Technology evolution is no longer keeping pace with the growth of data. We are facing problems storing and processing the huge amounts of data produced every day. People rely on data-intensive applications and new paradigms (for example, edge computing) to try to keep computation closer to where data is produced and needed. Thus, the need to store and query data in devices where capacity is surpassed by data volume is routine today, ranging from astronomy data to be processed by supercomputers, to personal data to be processed by wearable sensors. The scale is different, yet the underlying problem is the same.

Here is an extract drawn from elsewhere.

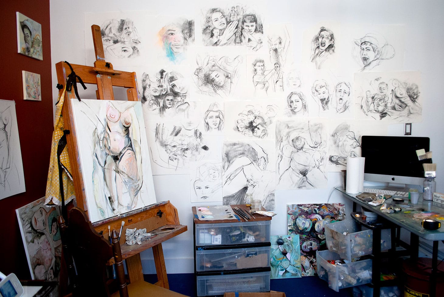 My studio is in a spare bedroom of my apartment, mostly for convenience so that I can work at weird hours and in short spurts (I’m a new mom — note the baby monitor in the corner of the shot!) I create fast, messy charcoal sketches in a very stream-of-consciousness fashion, and use them as inspiration for my paintings.

Keeping data structures in fast memory has been the major workhorse of compact data structures (CDS), with enormous practical benefits, such as speeding up data processing and querying.10 This has situated CDS at the forefront of research in data structures over the last 20 years. Remarkable contributions have been made, many of them by Latin American researchers, forming an active and prolific community spread mainly over three Chilean universities, and branching from there to other universities in Chile and Latin America as well as to Europe, the U.S., Canada, East Asia, and Australia. The senior researcher at Universidad de Chile is Gonzalo Navarro; the groups at Universidad Tecnica Federico Santa María and Universidad de Concepción are integrated by Diego Arroyuelo, José Fuentes-Sepúlveda, and Diego Seco. Here, we describe three success stories with strong roots in the region.
The need to store and query data in devices where capacity is surpassed by data volume is routine today.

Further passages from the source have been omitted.